A group of insurers led by UnitedHealthcare and Kaiser Foundation Health Plan subsidiaries asked a federal judge to slash the $184 million in lawyers fees owed after winning health plans $3.7 billion from two class-actions related to a now-expired Affordable Care Act program.
More than 30 insurers wrote to the U.S. Court of Appeals for the Federal Circuit on January 20, saying that Quinn Emanuel Urquhart & Sullivan’s 10,000 hours on the case did not warrant the $184 million awarded to them, which the 34 health plans described as “the epitome of a windfall.” The law firm’s collection represents 5% of the total settlement awarded to the hundreds of insurers that sued through the class-actions, which is the maximum amount the law firm can receive from the deal.
In September, a judge from the U.S. Court of Federal Claims ruled that the $184 million insurers owed Quinn Emanuel represented a reasonable return given the complexity of the case. Judge Katherine Davis wrote that in common fund cases–where plaintiffs sign on with the understanding that they will only pay if their lawyers win a settlement–a percentage of the fund awards are common fee structures for lawyers.
Insurers are advocating Quinn Emanuel’s fee be calculated by assessing the amount of billable hours lawyers actually worked on the case, a process called a lodestar cross-check. Under this method, Quinn Emanuel would be paid $10 million, Judge Davis wrote in September. They’re asking the appeals court to drop the $184 million award and send the case back to a court that will conduct a lodestar cross-check.
“Class counsel deserves to be paid fairly for its work,” insurers lawyers wrote. “What Class counsel does not deserve, however, is the astronomical award the claims court granted it: a full 5% of the class fund, which totals more than $184 million and works out to an hourly fee of more than $18,000.”
Insurers were given fair warning that Quinn Emanuel could collect up to $184 million when they signed on to participate in the class-actions, said Stephen Swedlow, managing partner of Quinn Emanuel’s Chicago office. He added that 5% is a lower percentage than typically collected in megafund cases that result in settlements of more than $1 billion.

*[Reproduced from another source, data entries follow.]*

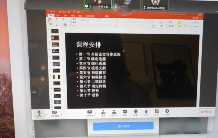 试听课以语音视频会议的方式进行,在1个小时的授课里,辅导老师全程未开启视频镜头。据辅导老师介绍,整个“辅导”课程共有10节,每次授课1小时,前几节主要会讲解文献查找资料技巧、期刊论文写作规范准则、研究方法等,后几节会负责帮助学生修改论文直至发刊。
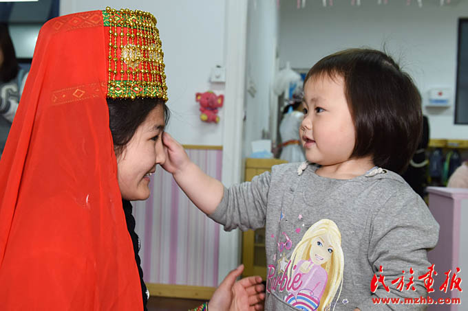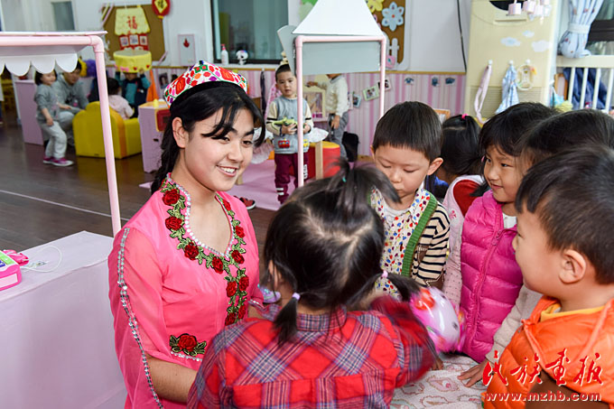 自2014年首場(chǎng)“民族風(fēng)吹進(jìn)幼兒園,愛心曲唱暖身邊人”公益活動(dòng)獲得積極反響后,幼兒園黨支部、工會(huì)、團(tuán)支部牽手園區(qū)民族團(tuán)結(jié)共建單位,走出校園、貼近社區(qū),以愛心義賣、義拍、定向捐助等方式為園區(qū)少數(shù)民族困難家庭送去關(guān)懷。在近幾年的園區(qū)民族工作實(shí)踐中,天恒名都幼兒園的“家、校、社、企”聯(lián)動(dòng)模式不斷發(fā)展創(chuàng)新,培育孵化出少數(shù)民族(幼教)實(shí)習(xí)點(diǎn)、少數(shù)民族志愿者服務(wù)隊(duì)等形式的實(shí)習(xí)模式。2013年至今,幼兒園已為上海市群益職業(yè)技術(shù)學(xué)校的“新疆班”學(xué)生210人次提供了實(shí)習(xí)崗位。
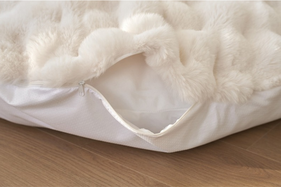 裏面は滑り止め生地で安全性を高め、側面のジッパーでカバーを簡単に取り外して洗濯できる便利さを兼ね備えています。
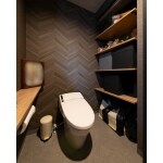 トイレ背面はグレーのヘリンボーンのクロスを採用し、全体をグレーでまとめました。手洗い場もスッキリとしたシンプルなものを造作で設置するご提案をしました。
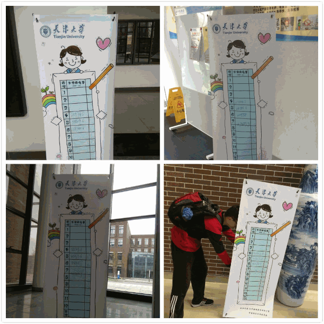 新校区启用至今,能源管理办公室每月定期统计北洋园校区所有楼宇的能源消耗量,通过进行对比分析,形成《天津大学北洋园校区能源分析报告》,为学校能源定额管理提供了参考依据。活动当天,节能委员会的成员们在北洋园26栋宿舍楼、25栋教学楼、3栋场馆及6栋行政办公建筑共计60栋楼宇的醒目位置放置了写有本楼每月用电量的展架。“一粥一饭当思来之不易,半丝半缕恒念物力维艰”。能源管理办公室和节能委员会的成员们采取放置展架这种最直观的方式让北洋师生了解各楼宇每月的用电量,希望以此为大家灌输节能理念,培养节能意识,逐步将节能变成每个人的自觉行为和责任。节能之路、永无止境,成员们将每月在展板上公示本楼宇上月用电情况,将活动一直延续下去。

“We took something that was nothing, and turned it into billions of dollars,” Swedlow said. “In our notice, we said we may collect 5%, and then you, as a client, can choose whether you want to participate in the case or not. This is an epitome of full alert that you might pay 5% if we recover hundreds of millions of dollars, which is what happened.”
Quinn Emanuel will submit a brief justifying the reimbursement amount by March 1. Swedlow said he is unsure about when the appeals court will hear the case.